There are already several excellent libraries with a functional flavor. Typically, they are meant to be general-purpose toolkits, suitable for working in multiple paradigms. Ramda has a more focused goal. We wanted a library designed specifically for a functional programming style, one that makes it easy to create functional pipelines, one that never mutates user data.

What's Different?

The primary distinguishing features of Ramda are:

  • Ramda emphasizes a purer functional style. Immutability and side-effect free functions are at the heart of its design philosophy. This can help you get the job done with simple, elegant code.

  • Ramda functions are automatically curried. This allows you to easily build up new functions from old ones simply by not supplying the final parameters.

  • The parameters to Ramda functions are arranged to make it convenient for currying. The data to be operated on is generally supplied last.

The last two points together make it very easy to build functions as sequences of simpler functions, each of which transforms the data and passes it along to the next. Ramda is designed to support this style of coding.

Introductions

Philosophy

Using Ramda should feel much like just using JavaScript. It is practical, functional JavaScript. We're not introducing lambda expressions in strings, we're not borrowing consed lists, we're not porting over all of the Clojure functions.

Our basic data structures are plain JavaScript objects, and our usual collections are JavaScript arrays. We also keep other native features of JavaScript, such as functions as objects with properties.

Functional programming is in good part about immutable objects and side-effect free functions. While Ramda does not enforce this, it enables such style to be as frictionless as possible.

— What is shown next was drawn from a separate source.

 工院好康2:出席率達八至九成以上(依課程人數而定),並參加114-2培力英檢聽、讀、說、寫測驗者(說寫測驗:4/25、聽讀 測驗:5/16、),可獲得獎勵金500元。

We aim for an implementation both clean and elegant, but the API is king. We sacrifice a great deal of implementation elegance for even a slightly cleaner API.

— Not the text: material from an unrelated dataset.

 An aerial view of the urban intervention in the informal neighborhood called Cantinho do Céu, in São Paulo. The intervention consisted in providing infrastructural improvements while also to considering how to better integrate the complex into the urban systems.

Last but not least, Ramda strives for performance. A reliable and quick implementation wins over any notions of functional purity.

Installation

To use with node:

$ npm install ramda

Then in the console:

const R = require('ramda');

To use directly in Deno:

import * as R from "https://deno.land/x/[email protected]/mod.ts";

or using Nest.land:

import * as R from "https://x.nest.land/[email protected]/mod.ts";

To use directly in the browser:

<script src="path/to/yourCopyOf/ramda.js"></script>

or the minified version:

<script src="path/to/yourCopyOf/ramda.min.js"></script>

or from a CDN, either cdnjs:

<script src="//cdnjs.cloudflare.com/ajax/libs/ramda/0.30.0/ramda.min.js"></script>

or one of the below links from jsDelivr:

<script src="//cdn.jsdelivr.net/npm/[email protected]/dist/ramda.min.js"></script>
<script src="//cdn.jsdelivr.net/npm/ramda@latest/dist/ramda.min.js"></script>

(note that using latest is taking a significant risk that ramda API changes could break your code.)

These script tags add the variable R on the browser's global scope.

Or you can inject ramda into virtually any unsuspecting website using the bookmarklet.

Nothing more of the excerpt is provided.